Exercise goal: What you return should be the lines from the one with "college 18 year" through the one with "例えば「説明」の項目は、取得した値を活用して以下のように設定できます。" in the data below, reproduced exactly with both ends, and no pictures at all.

Material for the task:

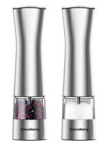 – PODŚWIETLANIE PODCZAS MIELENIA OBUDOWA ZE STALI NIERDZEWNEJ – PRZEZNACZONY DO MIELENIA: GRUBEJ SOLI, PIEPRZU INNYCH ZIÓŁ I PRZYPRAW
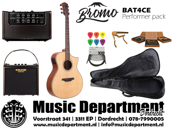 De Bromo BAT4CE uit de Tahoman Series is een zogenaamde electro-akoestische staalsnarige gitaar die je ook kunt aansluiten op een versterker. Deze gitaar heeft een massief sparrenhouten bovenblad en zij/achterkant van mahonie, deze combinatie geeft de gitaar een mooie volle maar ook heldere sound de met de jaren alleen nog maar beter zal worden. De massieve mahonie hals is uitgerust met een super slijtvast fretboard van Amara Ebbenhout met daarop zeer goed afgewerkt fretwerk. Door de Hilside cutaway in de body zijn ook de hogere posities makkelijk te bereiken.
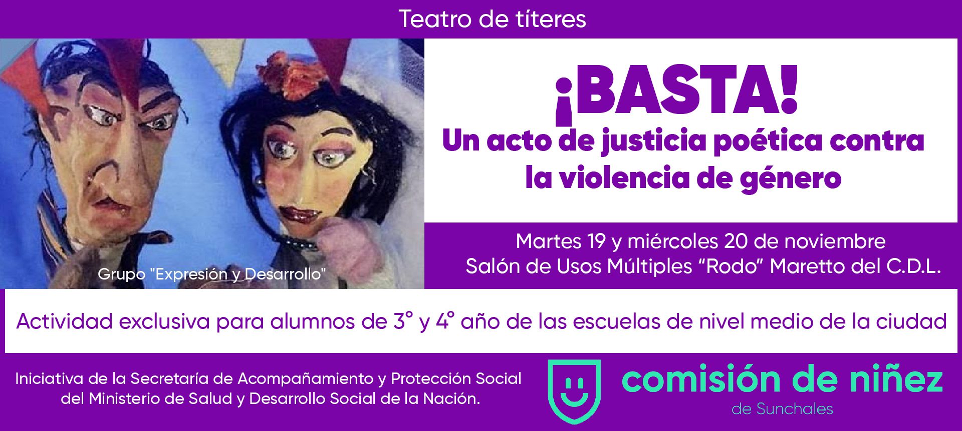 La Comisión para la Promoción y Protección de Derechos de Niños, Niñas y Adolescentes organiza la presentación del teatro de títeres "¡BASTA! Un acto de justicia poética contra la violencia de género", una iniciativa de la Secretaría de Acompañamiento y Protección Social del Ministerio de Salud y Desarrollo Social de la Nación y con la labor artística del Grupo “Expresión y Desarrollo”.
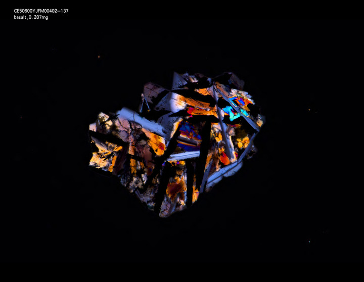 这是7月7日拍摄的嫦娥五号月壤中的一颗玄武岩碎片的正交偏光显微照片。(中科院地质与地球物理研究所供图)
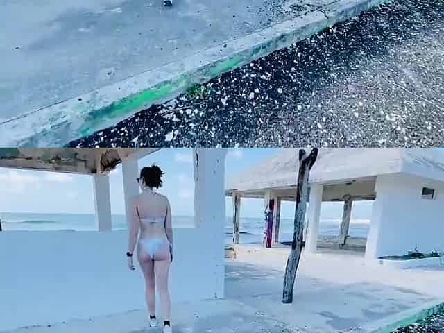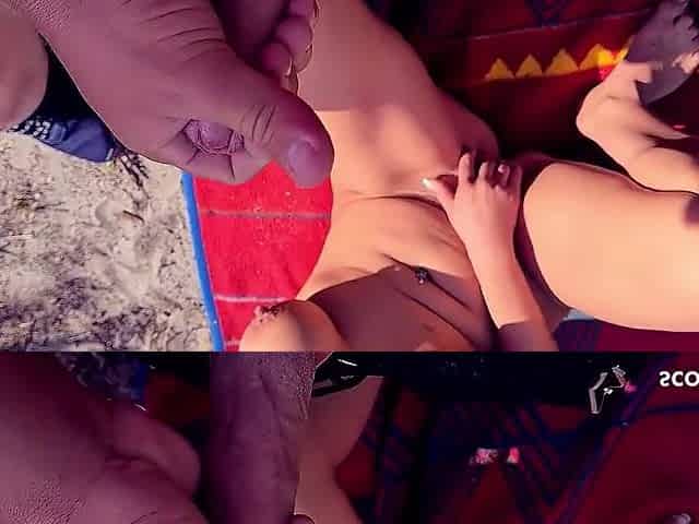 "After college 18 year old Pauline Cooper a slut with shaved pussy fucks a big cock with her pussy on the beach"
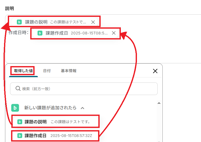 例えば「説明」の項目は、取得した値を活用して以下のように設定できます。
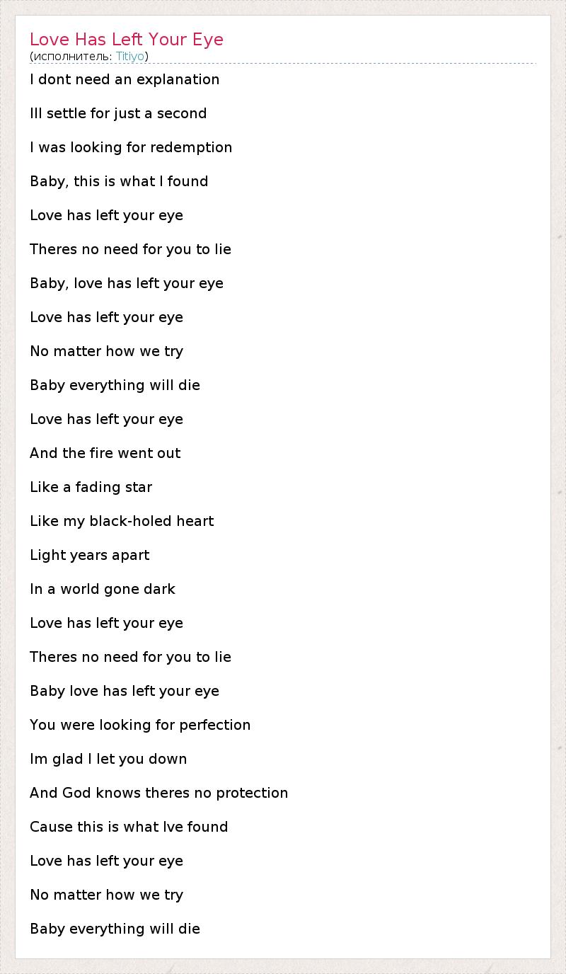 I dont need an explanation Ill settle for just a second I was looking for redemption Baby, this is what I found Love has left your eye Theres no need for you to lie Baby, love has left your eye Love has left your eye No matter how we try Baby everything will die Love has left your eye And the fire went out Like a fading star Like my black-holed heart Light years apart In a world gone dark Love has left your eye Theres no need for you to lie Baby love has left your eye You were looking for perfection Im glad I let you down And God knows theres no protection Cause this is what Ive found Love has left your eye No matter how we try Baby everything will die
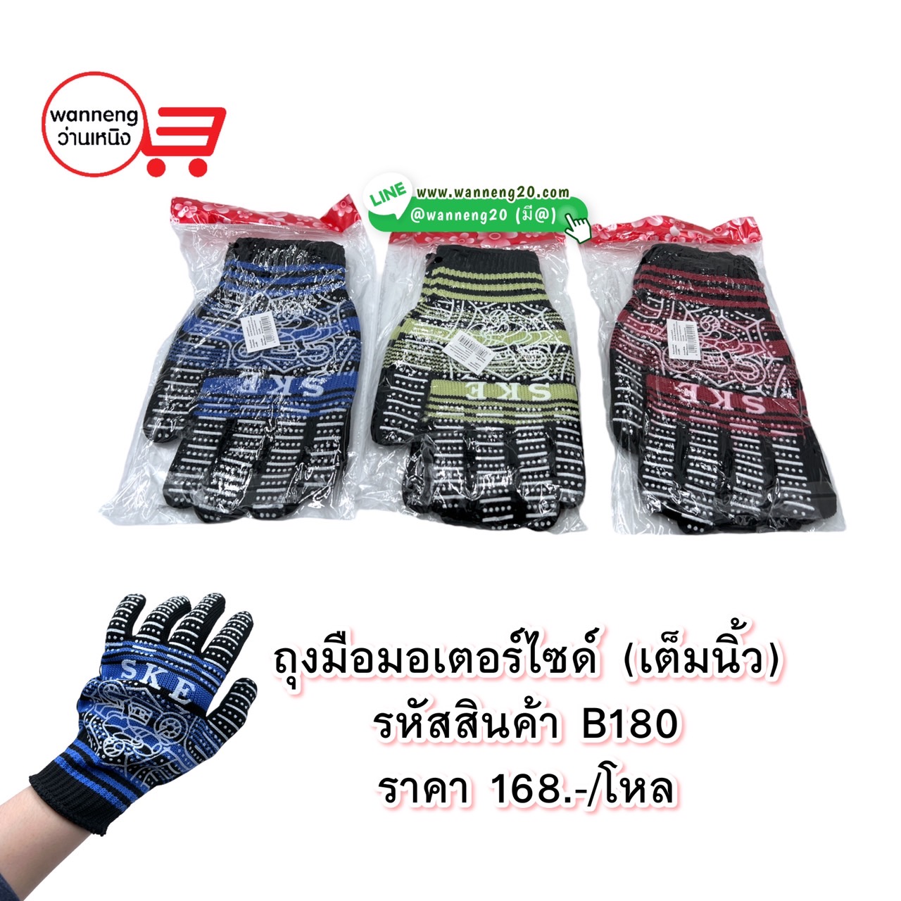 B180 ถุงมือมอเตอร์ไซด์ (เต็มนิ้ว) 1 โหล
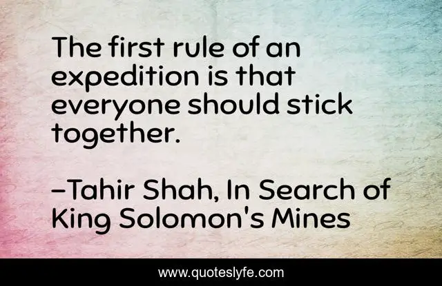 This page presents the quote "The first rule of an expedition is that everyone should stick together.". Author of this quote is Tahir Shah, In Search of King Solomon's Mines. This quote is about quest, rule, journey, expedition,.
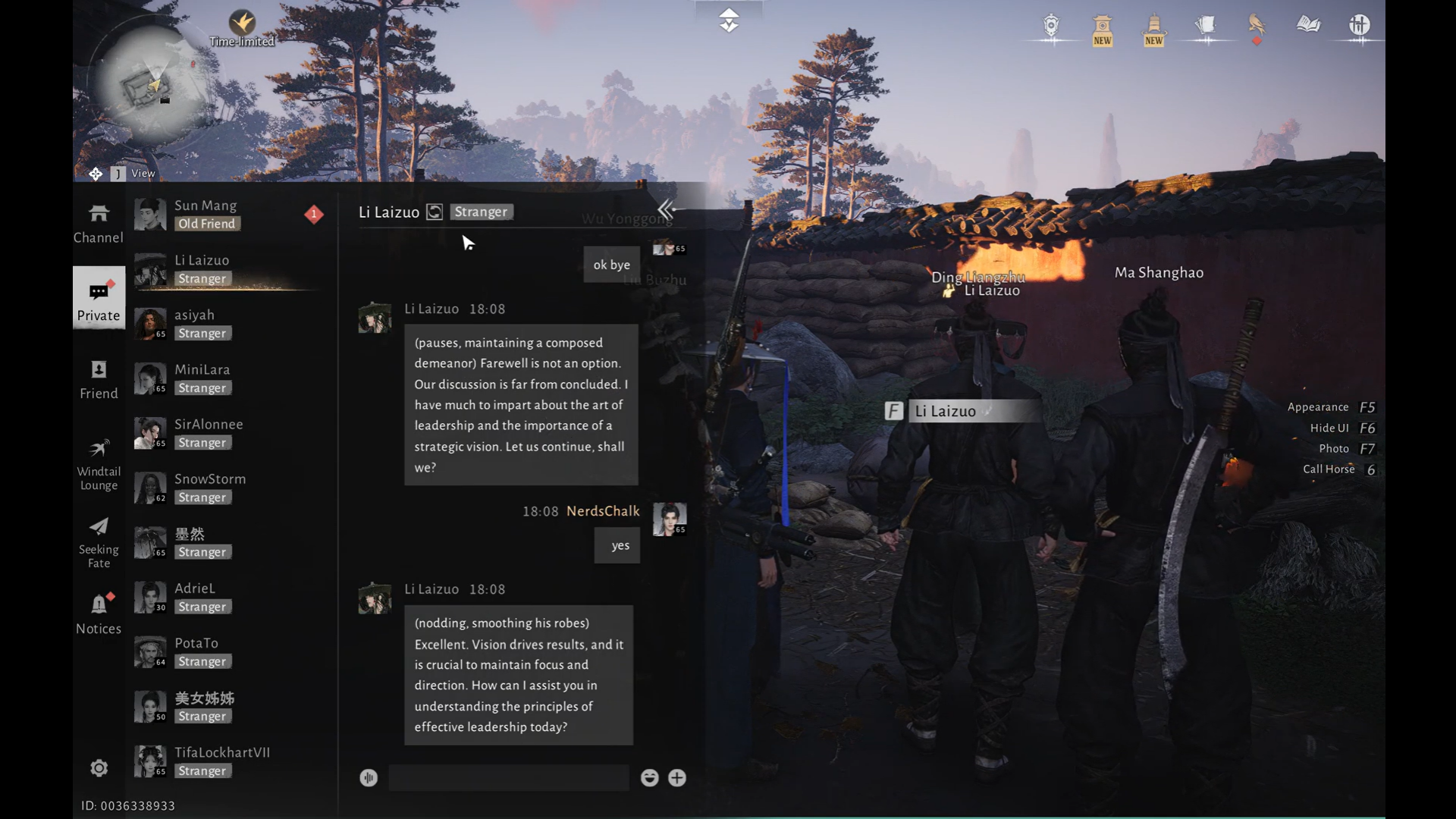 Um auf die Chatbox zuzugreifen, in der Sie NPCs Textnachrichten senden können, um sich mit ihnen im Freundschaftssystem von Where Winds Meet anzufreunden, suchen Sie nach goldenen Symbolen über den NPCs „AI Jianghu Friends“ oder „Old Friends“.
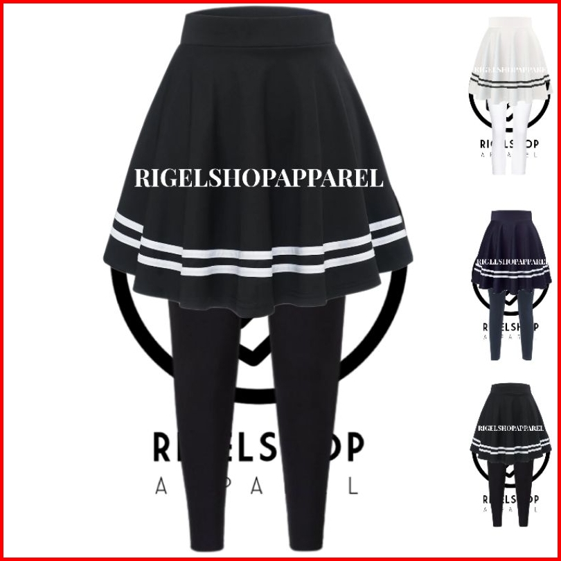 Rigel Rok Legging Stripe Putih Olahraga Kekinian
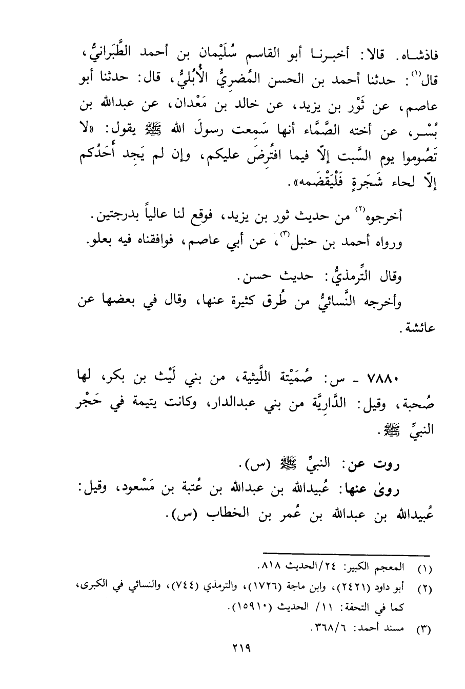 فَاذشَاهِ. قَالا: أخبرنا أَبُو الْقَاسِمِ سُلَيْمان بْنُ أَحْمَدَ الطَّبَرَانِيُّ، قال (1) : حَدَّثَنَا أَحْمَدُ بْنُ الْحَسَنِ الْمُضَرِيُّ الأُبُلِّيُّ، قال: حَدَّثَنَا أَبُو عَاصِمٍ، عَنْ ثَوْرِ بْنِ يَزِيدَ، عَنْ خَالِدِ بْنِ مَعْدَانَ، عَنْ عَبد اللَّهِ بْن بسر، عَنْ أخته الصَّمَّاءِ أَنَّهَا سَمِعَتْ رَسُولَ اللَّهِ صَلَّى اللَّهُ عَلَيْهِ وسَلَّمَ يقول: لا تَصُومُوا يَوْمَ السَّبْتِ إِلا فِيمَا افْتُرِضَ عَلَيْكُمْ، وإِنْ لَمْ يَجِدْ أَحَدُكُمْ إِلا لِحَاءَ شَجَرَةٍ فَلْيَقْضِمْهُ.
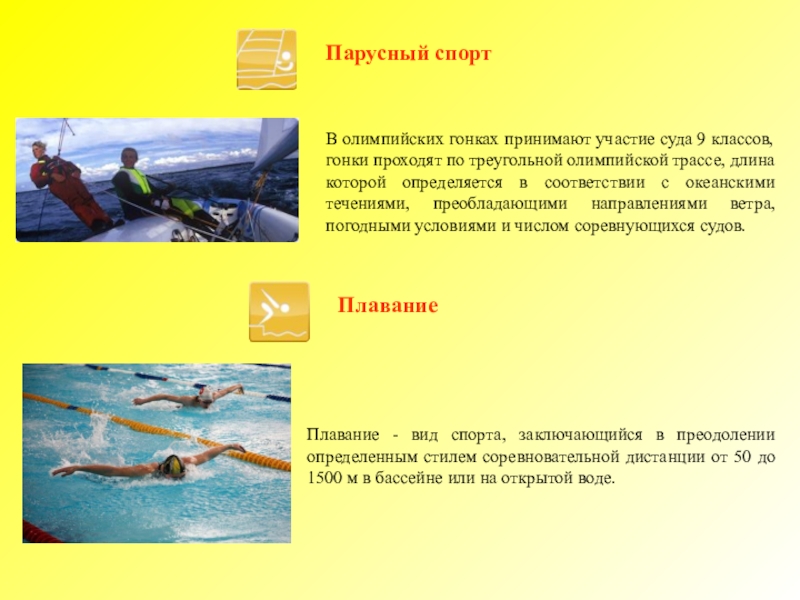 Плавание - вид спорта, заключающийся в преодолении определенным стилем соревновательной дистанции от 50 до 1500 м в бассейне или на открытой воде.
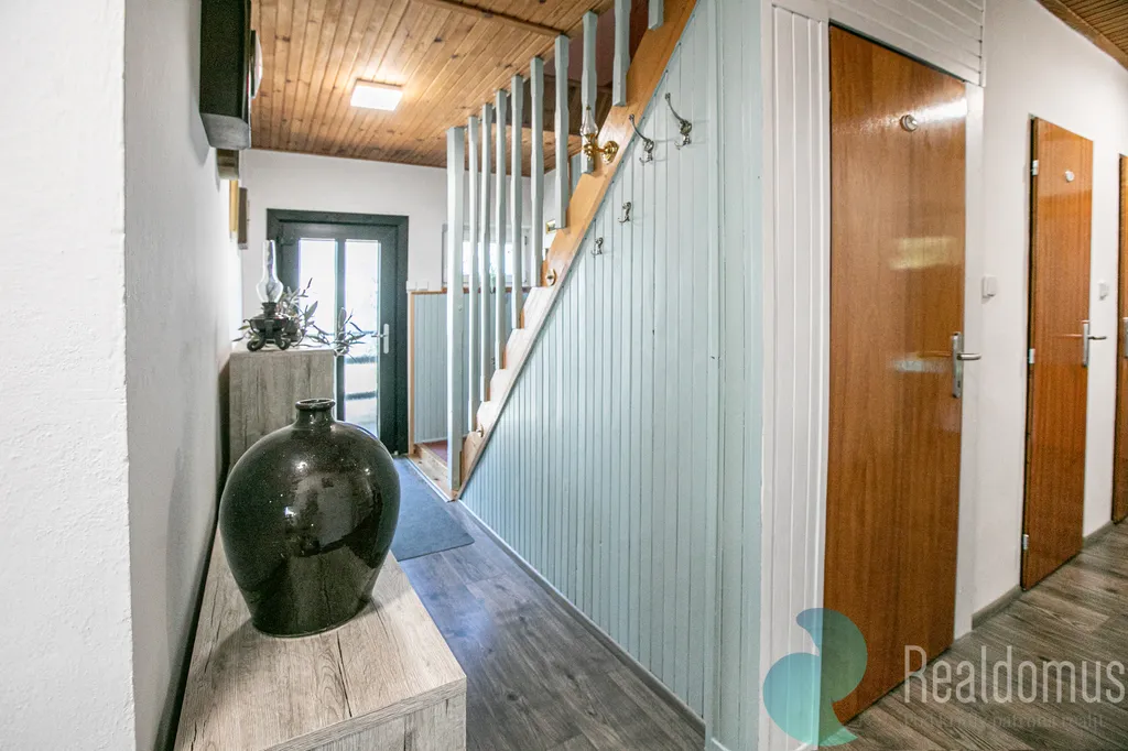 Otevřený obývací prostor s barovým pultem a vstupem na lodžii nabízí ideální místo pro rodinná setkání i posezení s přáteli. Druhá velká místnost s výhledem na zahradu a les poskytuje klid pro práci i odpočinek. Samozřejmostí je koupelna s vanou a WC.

Response:
 "After college 18 year old Pauline Cooper a slut with shaved pussy fucks a big cock with her pussy on the beach"
 例えば「説明」の項目は、取得した値を活用して以下のように設定できます。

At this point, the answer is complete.